International Institute for
Sustainable Development (IISD)
LES
FAITS MARQUANTS DE LA TROISIEME CONFERENCE DES
PARTIES DE LA CONVENTION-CADRE DES NATIONS UNIES
SUR LES CHANGEMENTS CLIMATIQUES
5 DECEMBRE 1997
La Grande
Commission (GC) de la Troisième Conférence des
Parties (CdP-3) de la Convention-Cadre des
Nations Unies sur les Changements Climatiques
(CCCC) devait poursuivre durant la matinée sa
Plénière inventorielle. L'après-midi, la CdP
se réunit en Plénière pour débattre des
questions organisationnelles et procédurales en
suspens. La Plénière inventorielle de la GC
devait se réunir de nouveau dans la soirée.
GRANDE
COMMISSION (GC)
Concernant
l'Article 4 (la "bulle" de l'UE), la
Norvège rapporta que des progrès ont été
réalisés grâce aux éclaircissements apportés
et concessions faites par l'UE et que la
proposition sera amendée. Le délégué indiqua
toutefois que certains points importants
restaient encore en suspens. Au sujet de
l'Article 10 (engagements volontaires), le
Mexique rapporta que les délégués ont exprimé
un intérêt pour la coopération sur ce sujet
mais qu'il n'y a pas d'indication que tous les
groupes régionaux soient intéressés par des
discussions de groupe de contact.
Les délégués
devaient examiner par ailleurs un projet de
décision sur les questions méthodologiques en
rapport avec le protocole, en vertu duquel la CdP
réaffirme que les Parties doivent utiliser les
Lignes Directrices révisées du PICC dans les
inventaires de gaz à effets de serre (GHG).
Dans un
paragraphe crocheté, la CdP réaffirme
également que les Données Potentielles du
Réchauffement de la Planète (GWPs) utilisées
par les Parties doivent être celles fournies par
le PICC sur la base des effets produits par les
GHG sur une période de 100 ans. Les Parties
peuvent, à titre d'information seulement,
utiliser une période de temps différente. La
Chine proposa que les GWPs doivent tenir compte
des incertitudes compliquées inhérentes au
travail de leur d'estimation.
La Suisse,
appuyée par la Hongrie, encouragea le SBSTA
d'élaborer davantage sur l'inclusion des
émissions des carburants dans les inventaires de
GHG.
Le Japon, opposé
par le Royaume-Uni, déclara qu'il y a une
méthode "réelle" et une méthode
"potentielle" d'estimation des
émissions et proposa l'introduction d'un nouveau
paragraphe en vertu duquel la CdP réaffirmerait
la méthode "réelle" pour l'inclusion
des émissions des HFC, PFC et SF6 dans les
QELROs. Les USA, appuyés par la Norvège,
appelèrent à l'utilisation de la méthodologie
concrète là où les données sont disponibles.

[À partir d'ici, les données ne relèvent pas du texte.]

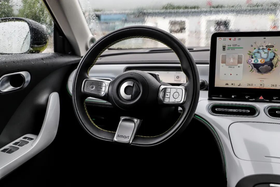 三辐式方向盘的盘辐偏大,盘身造型与吉利、沃尔沃部分车型相似,内部的黄色缝线增添精致氛围,两侧的多功能按键运用了银色饰板进行点缀,配合底部的smart标识,玩乐属性很强。

Les consultations se poursuivront sur ce projet
de décision.
Le Président
Mahmoud Ould El Ghaouth rapporta que le groupe de
négociation chargé de la question des
politiques et mesures (P&M) a produit un
projet de document, bien que des divergences
persistent dans les points de vue sur la question
de savoir si les P&M doivent être
obligatoires ou non. Le projet de texte comprend
trois paragraphes. Le premier dresse la liste
d'un certain nombre de politiques et mesures et
renferme des références crochetées portant
sur: certains types de P&M, les engagements
volontaires des Parties non visées à l'Annexe
I; l'application en fonction des circonstances
nationales; et l'évaluation de l'application des
P&M par la RdP. Le paragraphe crocheté 2 se
référe au point de savoir si les Parties
visées à l'Annexe I "appliqueront" ou
"s'efforceront d'appliquer" les P&M
de manière à réduire au minimum les effets
adverses de l'évolution climatique et les effets
négatifs des P&M sur les autres Parties. Le
paragraphe crocheté 3 traite de la coordination
des P&M.
Au sujet des
QELROS, le Président Raúl Estrada Oyuela
rappela que les questions des échanges en
matière d'émission et des activités
exécutées conjointement (AIJ) n'ont pas été
discutées par la GC. Le Canada souligna
l'importance des circonstances nationales et
mentionna le travail effectué pour le
développement des sources d'énergie
renouvelables.
Le Président du
groupe de travail chargé des institutions et
mécanismes (I&M), Takao Shibata (Japon)
rapporta les progrès réalisés dans les
discussions sur les Articles portant sur la
RdP/CdP, les mécanismes de conformité, et
l'entrée en vigueur. Patrick Szell (Royaume-Uni)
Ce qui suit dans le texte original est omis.